Dodd G D, Frank M S, Aribandi M, Chopra S, Chintapalli K N
Department of Radiology, The University of Texas Health Science Center at San Antonio, 7703 Floyd Curl Dr., San Antonio, TX 78284, USA.
AJR Am J Roentgenol. 2001 Oct;177(4):777-82. doi: 10.2214/ajr.177.4.1770777.
The purpose of this study was to perform a computer analysis of the size of the thermal injury created by overlapping multiple thermal ablation spheres.
A computer-assisted design system was used to create three-dimensional models of a spherical tumor, a spherical tissue volume consisting of the tumor plus a 1-cm tumor-free margin, and individual spherical ablations. These volumes were superimposed in real-time three-dimensional space in different geometric relationships. The effect of the size and geometric configuration of the ablation spheres was analyzed with regard to the ability to ablate the required volume of tissue (tumor plus margin) without leaving untreated areas or interstices.
The single-ablation model showed that if a 360-degree 1-cm tumor-free margin is included around the tumor targeted for ablation, radiofrequency ablation devices producing 3-, 4-, and 5-cm ablation spheres can be used to treat 1-, 2-, and 3-cm tumors, respectively. The six-sphere model, in which six ablation spheres are placed in orthogonal planes around the tumor, showed that the largest tumor that may be treated with a 3-cm ablation device is 1.75 cm, whereas 4- and 5-cm ablation spheres can be used to treat tumors measuring 3 and 4.25 cm, respectively. The 14- sphere model showed that addition of eight more spheres to the six-sphere model increased the treatable tumor size to 3, 4.6, or 6.3 cm, depending on the diameter of the ablation sphere used. For treating larger tumors, we found a cylindrical model to be less efficient but easier to control.

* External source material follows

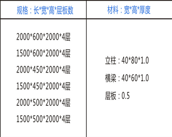 輕型倉儲貨架適合一般人手或堆高機放貨,并儲存量大的企業使用。常用規格和尺寸如圖所示:
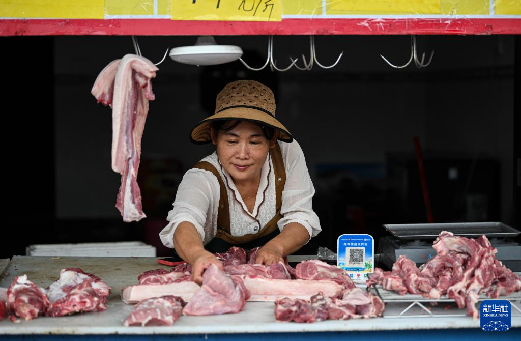 10月6日,在海南文昌一家集贸市场,恢复营业的肉铺老板在打理猪肉。

Our computer analysis showed that the size of the composite thermal injury created by overlapping multiple thermal ablation spheres is surprisingly small relative to the number of ablations performed. These results emphasize the need for a methodic tumor ablation strategy.
本研究旨在对多个热消融球体重叠所造成的热损伤大小进行计算机分析。
使用计算机辅助设计系统创建球形肿瘤、由肿瘤加1厘米无瘤边缘组成的球形组织体积以及单个球形消融的三维模型。这些体积在实时三维空间中以不同的几何关系叠加。分析消融球体的大小和几何构型对消融所需组织体积(肿瘤加边缘)而不留下未治疗区域或间隙的能力的影响。
单消融模型显示,如果在靶向消融的肿瘤周围包含360度1厘米的无瘤边缘,产生3厘米、4厘米和5厘米消融球体的射频消融设备可分别用于治疗1厘米、2厘米和3厘米的肿瘤。六球体模型中,六个消融球体围绕肿瘤放置在正交平面上,结果显示,使用3厘米消融设备可治疗的最大肿瘤为1.75厘米,而4厘米和5厘米的消融球体可分别用于治疗直径为3厘米和4.25厘米的肿瘤。14球体模型显示,在六球体模型基础上再增加八个球体,可治疗的肿瘤大小增加到3厘米、4.6厘米或6.3厘米,具体取决于所用消融球体的直径。对于治疗较大肿瘤,我们发现圆柱形模型效率较低但更易于控制。
我们的计算机分析表明,相对于所进行的消融次数,多个热消融球体重叠所产生的复合热损伤大小出奇地小。这些结果强调了需要一种系统的肿瘤消融策略。